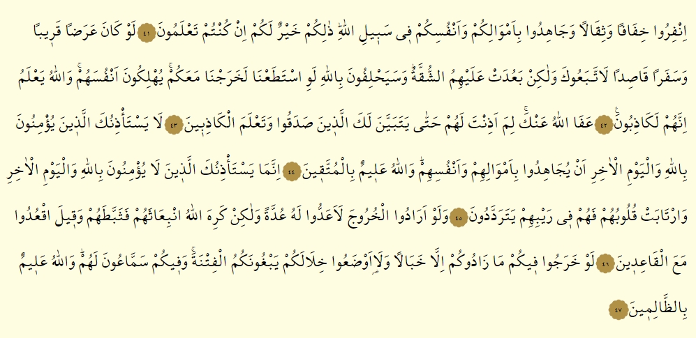 - Gerek hafif, gerekse ağırlıklı, hepiniz istisnasız savaşa çıkın, mallarınızla canlarınızla Allah yolunda cihad ediniz! Eğer bilir takımındansanız, bu sizin için hayırdır.
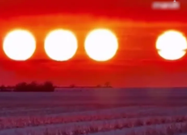 На опубликованных кадрах видно одно настоящее Солнце и три ярких световых пятна рядом с ним. Три ложных светила выстроились почти в одну линию, еще одно располагалось правее, на небольшом расстоянии. Иллюзия создает эффект множественного восхода.
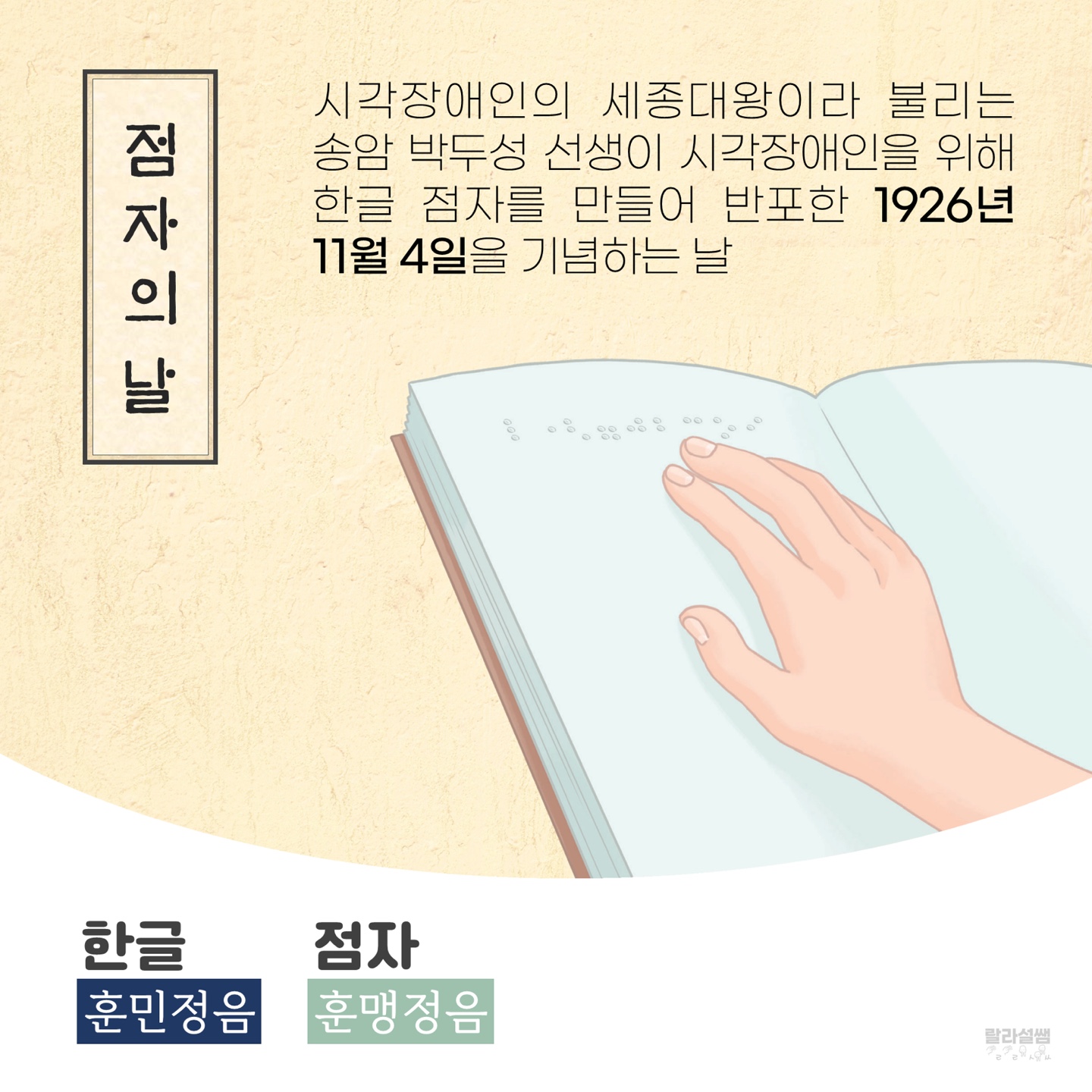 시각장애인을 위해 한글 점자를 만들어 반포한 1926년 11월 4일을 기념하는 날입니다.
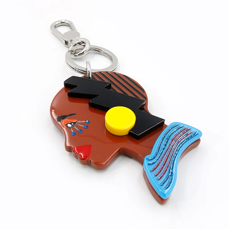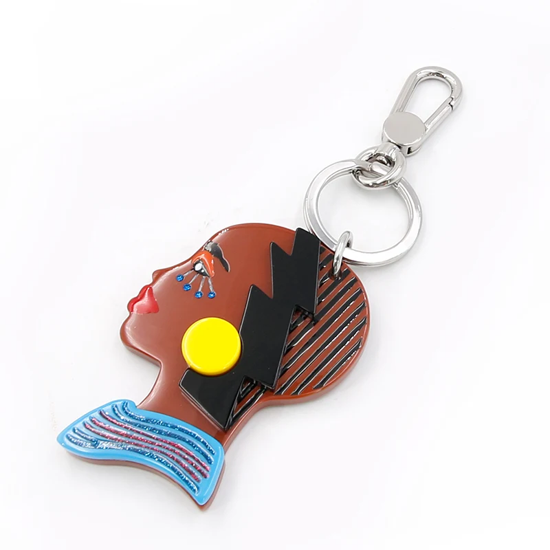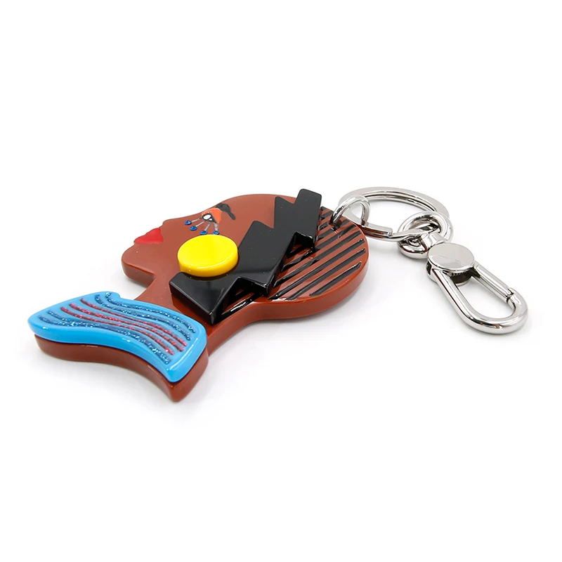 Tá craiceann donn ag an duine sa phortráid keychain mar dhúchas na hAfraice, tá liopa dearg ag teacht leis an súile dearg, a mheaitseálann collar gorm na fabhraí ghorm, agus tá earring buí geal dotáilte in aice leis an ghruaig dhubh.
::::
Aside from the pictures, repeat the listing exactly.

 - Gerek hafif, gerekse ağırlıklı, hepiniz istisnasız savaşa çıkın, mallarınızla canlarınızla Allah yolunda cihad ediniz! Eğer bilir takımındansanız, bu sizin için hayırdır.
 На опубликованных кадрах видно одно настоящее Солнце и три ярких световых пятна рядом с ним. Три ложных светила выстроились почти в одну линию, еще одно располагалось правее, на небольшом расстоянии. Иллюзия создает эффект множественного восхода.
 시각장애인을 위해 한글 점자를 만들어 반포한 1926년 11월 4일을 기념하는 날입니다.
 Tá craiceann donn ag an duine sa phortráid keychain mar dhúchas na hAfraice, tá liopa dearg ag teacht leis an súile dearg, a mheaitseálann collar gorm na fabhraí ghorm, agus tá earring buí geal dotáilte in aice leis an ghruaig dhubh.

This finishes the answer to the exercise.